Taking a break from the hilarity of grammar and spelling, I’ve been dipping into a much more widely appealing collection of short essays – more like oral histories – from characters on the New York food scene. In Food and the City, compiled/written by Ina Yalof, we hear moving stories from chefs, line cooks, street vendors, bakers, butchers, and a film crew caterer, on how they got where they are and how they feel about what they do. The stories are mostly very short – 3-5 pages – and I have the most fun just jumping around the book. Great for reading before bedtime, as there’s never a sense of “OMG, what’ll happen next?!” But a unique and fascinating broad brush across the food landscape of New York.

Finally, in a tribute to the late Anthony Bourdain, I picked up Kitchen Confidential, the tell-all romp that started his career as a chef/entertainer.
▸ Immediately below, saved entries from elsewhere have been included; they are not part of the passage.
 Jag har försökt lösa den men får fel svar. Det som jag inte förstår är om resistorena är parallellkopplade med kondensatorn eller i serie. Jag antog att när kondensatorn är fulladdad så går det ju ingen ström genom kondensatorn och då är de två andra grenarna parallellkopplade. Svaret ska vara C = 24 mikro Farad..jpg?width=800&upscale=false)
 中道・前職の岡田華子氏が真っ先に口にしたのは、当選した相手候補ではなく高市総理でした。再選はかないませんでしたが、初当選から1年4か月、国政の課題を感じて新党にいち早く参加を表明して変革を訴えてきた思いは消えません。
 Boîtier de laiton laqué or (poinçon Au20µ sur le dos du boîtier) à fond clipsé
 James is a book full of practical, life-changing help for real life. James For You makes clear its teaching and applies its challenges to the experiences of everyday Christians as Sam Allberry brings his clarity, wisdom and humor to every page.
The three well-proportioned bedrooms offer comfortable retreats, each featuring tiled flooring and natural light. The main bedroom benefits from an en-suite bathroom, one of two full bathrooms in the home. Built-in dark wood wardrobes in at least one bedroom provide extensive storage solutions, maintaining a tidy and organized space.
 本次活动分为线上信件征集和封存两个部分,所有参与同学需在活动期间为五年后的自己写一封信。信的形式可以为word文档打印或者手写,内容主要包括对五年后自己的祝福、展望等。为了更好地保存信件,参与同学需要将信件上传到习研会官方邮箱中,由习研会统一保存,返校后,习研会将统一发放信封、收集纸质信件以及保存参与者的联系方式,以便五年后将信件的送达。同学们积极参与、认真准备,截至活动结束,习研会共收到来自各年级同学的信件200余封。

And a romp it truly is. Not a literary masterpiece, but who cares? It’s a fun and shocking window into the culinary world, and I’m enjoying it.

* * *

The Kitchen Goddess hasn’t stopped cooking, but much of it has been about revisiting summer favorites. One downside of being always on the lookout for what’s new is that what’s old-but-wonderful gets lost in the wash. So I’ll apologize for not bringing more new dishes your way, dear readers, and vow to be more productive as we move into the fall.
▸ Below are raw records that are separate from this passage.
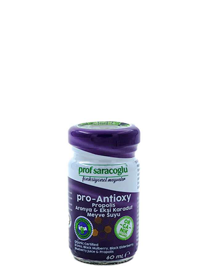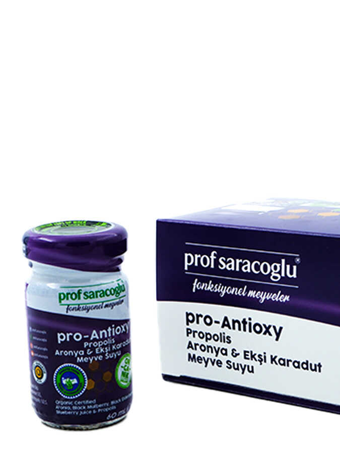Antosiyaninlerin varlığı bitkinin antioksidan kapasitesini belirleyen en önemli etmenlerdendir. Antosiyanin bakımından zengin mor meyvelerin yoğun ve güçlü etkisi ProfSaracoglu formülü ile bir araya geldi!Sağlıklı yaşam ürünü iddiasıyla özel olarak hazırladığımız Antioksidan gücü yüksek pro Antioxy, Propolis-Aronya&Ekşi Karadut başta olmak üzere değerli içeriği sayesinde bağışıklığınızın ihtiyacınızı olan günlük desteği sağlar.Organik Tarım standartlarına uygun hammaddeler ile Organik Sertifikalı olarak hazırlanan pro Antioxy, Propolis-Aronya&Ekşi Karadut, bitkilerin&meyvelerin fonksiyonel gücünü ortaya çıkartacak şekilde özel hazırlanmıştır.İçindekiler: Organik Aronya, Organik Ekşi Karadut, Organik Karamürver, Organik Yaban mersini, Propolis.Her türlü soru ve sorununuz için 0850 221 01 61 numaralı çağrı merkezimizden bizi arayabilir, www.profsaracoglu.com internet sitemiz üzerinden canlı destek alabilir ya da info@profsaracoglu.com adresine mail atabilirsiniz.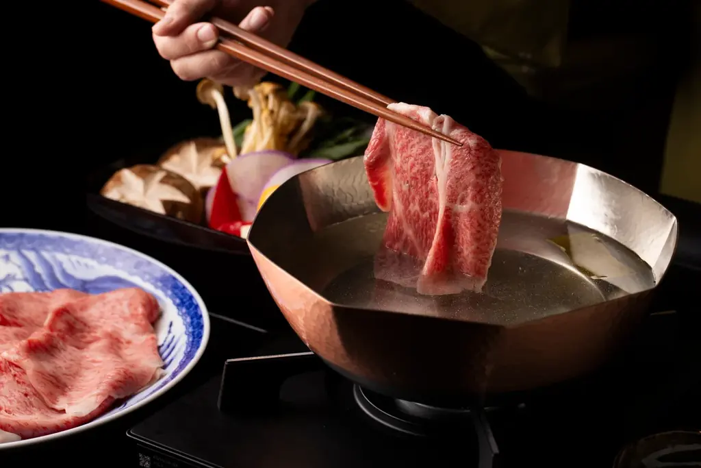 「すき焼き十二天」は全国から厳選したA5ランク和牛を提供し、すき焼きのほかにしゃぶしゃぶ、ビフテキ、オイル焼きなど多様な調理法で和牛の味わいを引き出します。贅沢にスライスしたA5和牛を基本に、料理ごとに部位の個性を生かした提供が行われます。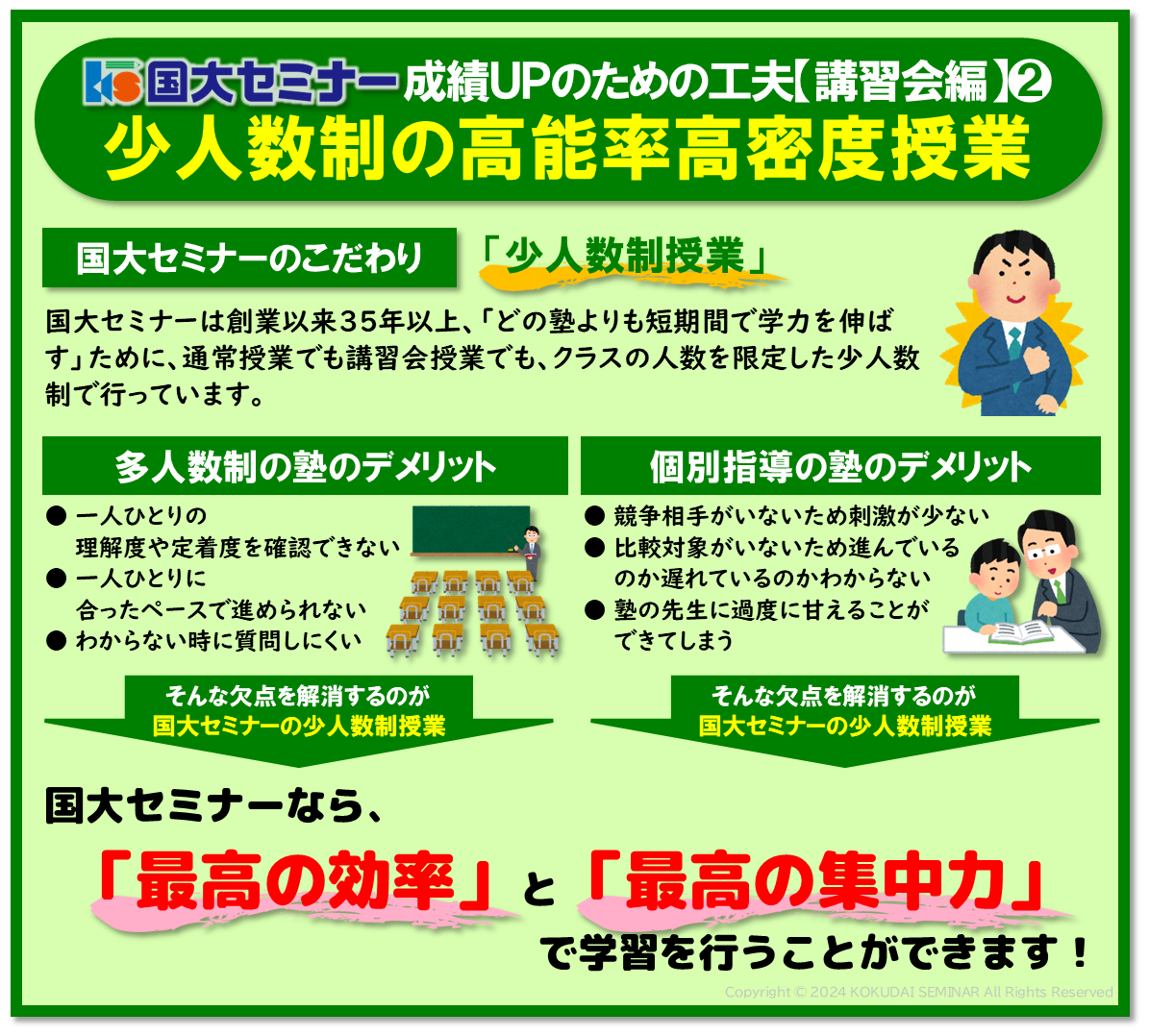 国大セミナーの少人数制授業は、単に“教える”だけではありません。生徒一人ひとりの状況を把握しながら進む。つまずきを即座に発見し、授業内で補強。クラス全体の理解度・スピードを考えた最適進行。これは、10名以上の集団授業でも、1対1個別授業でも実現が難しいポイントです。少人数制では、

What have I been serving? Here’s a random sample:

Linguine with Herb Broth and Clams

Golden Beet Soup

Eton (Strawberry) Mess

Roasted Tomato-Bacon-Goat-Cheese Galette

My prince and I have also spent a ridiculous number of nights in the local restaurant scene this summer. The accidental theme to our activities this year was about getting together with friends we haven’t seen in a great while. Which usually entails long dinners where someone professional does the cooking. Another consequence is that I have not lost any of the weight I’d planned to lose. Sad.
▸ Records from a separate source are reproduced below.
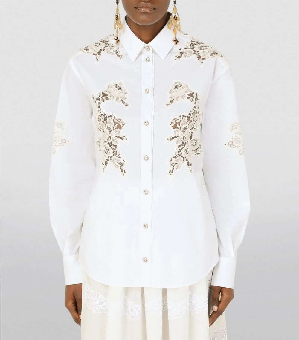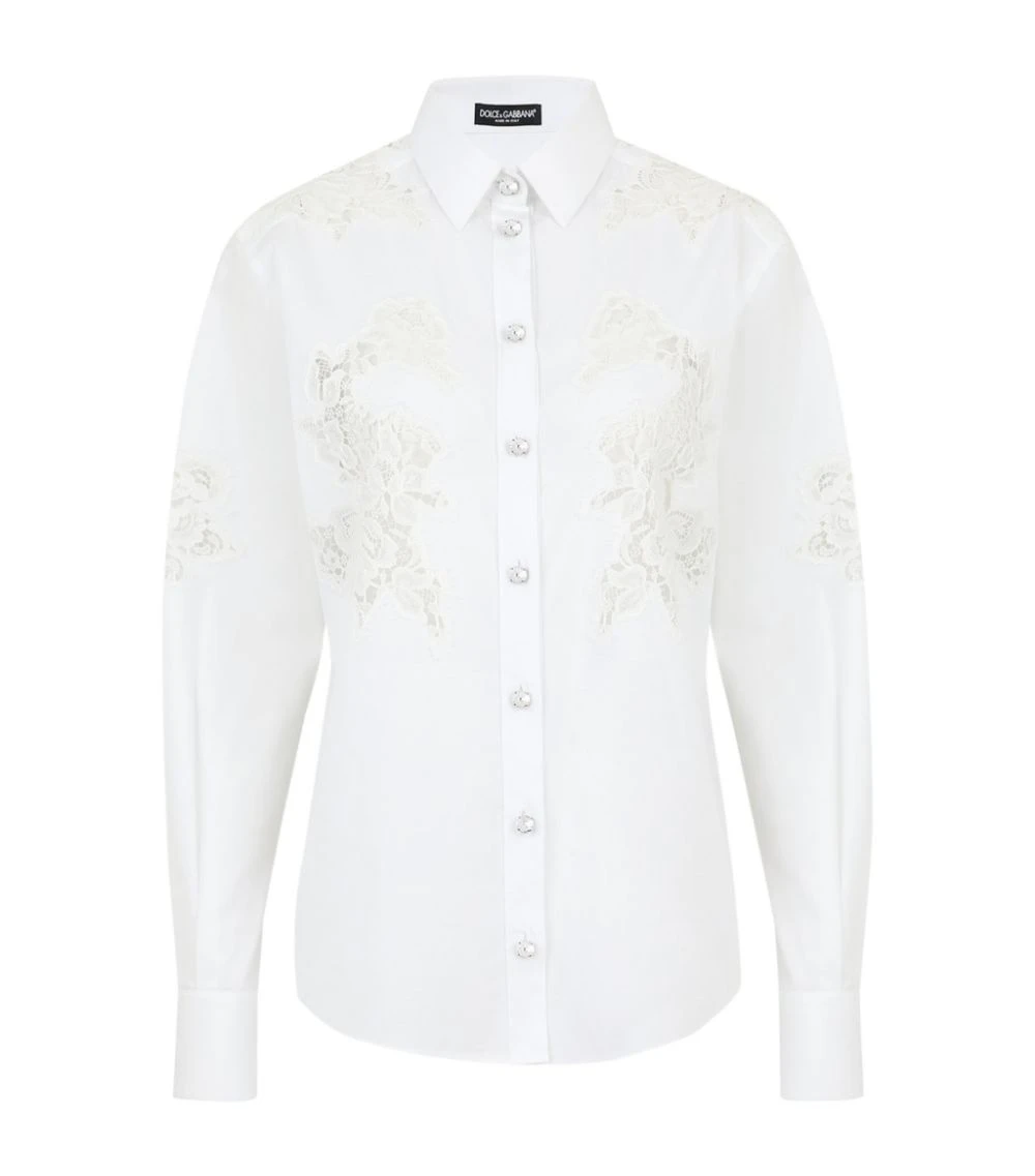 Hailing from Dolce & Gabbana’s Tradizione collection, which champions artisanal craft and Italian culture, this white cotton-blend shirt is by no means a blank canvas. Intricate lace openwork and bejewelled buttons imbue the full-sleeved style with a sense of glamour that comes naturally to the Milanese label.How to wear Harrods: Partner with a lace-adorned midi skirt, elaborate earrings and white slingbacks.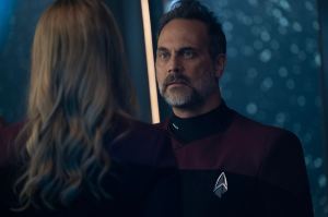 Also, while returning to the Enterprise D, the writers made sure to keep all the non-TNG actors busy so as to not muddy the waters when reintroducing the crew to their ship. Seven of Nine and Raffi were busy fighting off Borg while (as explained in a previous writing here) my favorite new character this season, Captain Liam Shaw was killed off by the Borg. Rest in peace, Captain Shaw…I really wanted so much more for your character! Fittingly, with his dying breaths, he handed off command of the USS Titan-A to “Commander Seven” as he finally addressed her as her Borg designation. As I stated previously, I loved his character & understood his point of view in all of this craziness that Picard & Riker brought to his ship. I’d have really enjoyed a spinoff series, starring him, Commander Seven, and their crew onboard the USS Titan-A. I think the dichotomy of the relationship between he and Seven would have made for an interesting series as the two grew to work together. In my idyllic series with these two, I have them start off as a bit of oil & water, but when needed to work together to overcome foes, operations-wise, they work together fantastically. Certainly a different approach for a Star Trek series!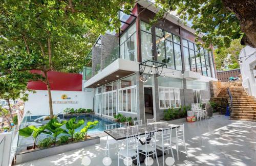 A few steps from Bai Dau Beach in Vung Tau, Biệt Thự VIP View TRỰC DIỆN Biển Ngay BÃI TẮM provides accommodations with access to a sauna and hot tub. This beachfront property offers access to a balcony, free private parking, and free Wifi. The rooftop pool features a pool bar and water slide. Providing a terrace and sea views, the spacious villa includes 6 bedrooms, a living room, satellite flat-screen TV, an equipped kitchen, and 5 bathrooms with a walk-in shower and a hot tub. Featuring air conditioning, the villa offers Nintendo Wii, PS3, and a iPad. There's also a seating area and a fireplace. There is an on-site bar. The villa has a garden for your convenience, along with a private beach area. White Villa is 1.7 miles from Biệt Thự VIP View TRỰC DIỆN Biển Ngay BÃI TẮM, while Christ of Vung Tau is 3.7 miles away. Tan Son Nhat International Airport is 63 miles from the property.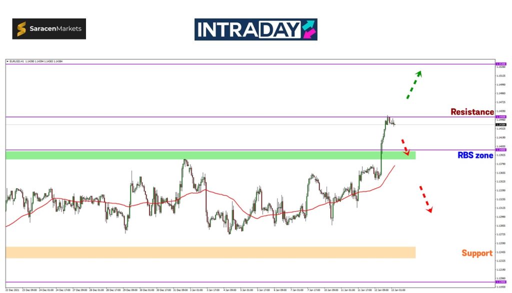 Sebaliknya jika penurunan harga kembali berlaku, paras 1.14000 bakal bertindak sebagai sokongan harga membentuk zon RBS (resistance become support) terbaru.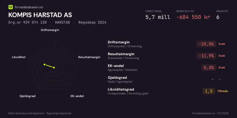 KOMPIS HARSTAD AS hadde en omsetning på 5,7 MNOK for regnskapsåret 2024 ifølge siste innsendte årsregnskap. Regnskapstallene hentes fra Brønnøysundregistrene.

What to do? The Kitchen Goddess weighed in – literally – and decided we should have some veggie-centric meals while the veggies are still fresh. For this post, that would mean tomatoes and a sampling of the rainbow array of summer squash. Also a new technique: pan roasting. You will be amazed at the sweetness that emerges from extended cooking of veggies at high heat.

The eagle-eyed among you may notice that this dish bears a remarkable similarity to one of the carrot dishes in my last post. Apparently, this business of practically burning one’s veggies in a mix of spices and other flavorings and serving them atop ricotta is another new thing in the food world. Once again, the Kitchen Goddess has your back.

Pan-Roasted Summer Squash with Tomatoes and Ricotta

Adapted from Molly Baz in Bon Appétit, June 2018

Kitchen Goddess note on ricotta: Fresh ricotta is so amazing in this dish. If you can’t find a store where the ricotta is truly fresh (2-3 days old), you either (1) make some yourself – the recipe is here, or (2) buy the freshest you can find and stir a couple of tablespoons of heavy cream into it. Cream is a major ingredient in ricotta, and a little fresh cream will improve the texture and flavor of a standard grocery store ricotta.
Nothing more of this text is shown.